Records for processing START

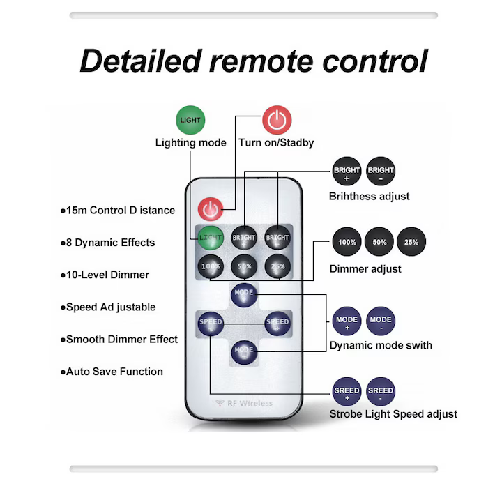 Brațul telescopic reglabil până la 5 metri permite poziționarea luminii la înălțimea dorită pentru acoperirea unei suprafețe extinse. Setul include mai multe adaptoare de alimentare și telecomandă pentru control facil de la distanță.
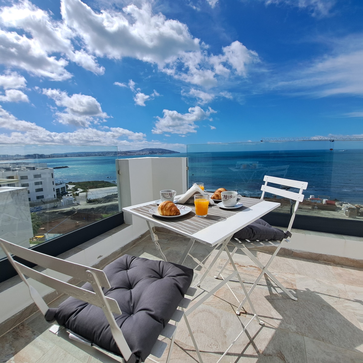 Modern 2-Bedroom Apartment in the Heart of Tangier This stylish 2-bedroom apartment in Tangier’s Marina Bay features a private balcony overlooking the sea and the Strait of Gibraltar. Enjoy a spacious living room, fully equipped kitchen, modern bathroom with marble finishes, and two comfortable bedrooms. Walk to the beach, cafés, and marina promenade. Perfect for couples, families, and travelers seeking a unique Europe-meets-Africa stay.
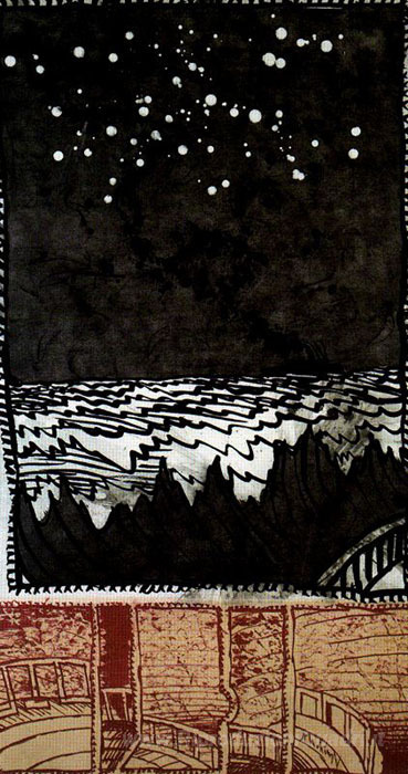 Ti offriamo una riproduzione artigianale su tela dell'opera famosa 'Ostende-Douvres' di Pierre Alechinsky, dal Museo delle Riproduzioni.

Records for processing END
Records for processing START

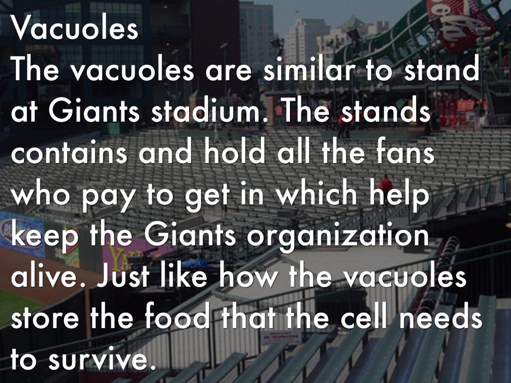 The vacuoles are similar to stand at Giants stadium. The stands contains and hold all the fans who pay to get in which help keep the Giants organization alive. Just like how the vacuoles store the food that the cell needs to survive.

Records for processing END

[Instructions to follow] For this exercise, reproduce exactly the lines of the records above from the one with "Brațul telescopic reglabil" up to and including the one with "Modern 2-Bedroom Apartment", without pictures.

[Written response]
 Brațul telescopic reglabil până la 5 metri permite poziționarea luminii la înălțimea dorită pentru acoperirea unei suprafețe extinse. Setul include mai multe adaptoare de alimentare și telecomandă pentru control facil de la distanță.
 Modern 2-Bedroom Apartment in the Heart of Tangier This stylish 2-bedroom apartment in Tangier’s Marina Bay features a private balcony overlooking the sea and the Strait of Gibraltar. Enjoy a spacious living room, fully equipped kitchen, modern bathroom with marble finishes, and two comfortable bedrooms. Walk to the beach, cafés, and marina promenade. Perfect for couples, families, and travelers seeking a unique Europe-meets-Africa stay.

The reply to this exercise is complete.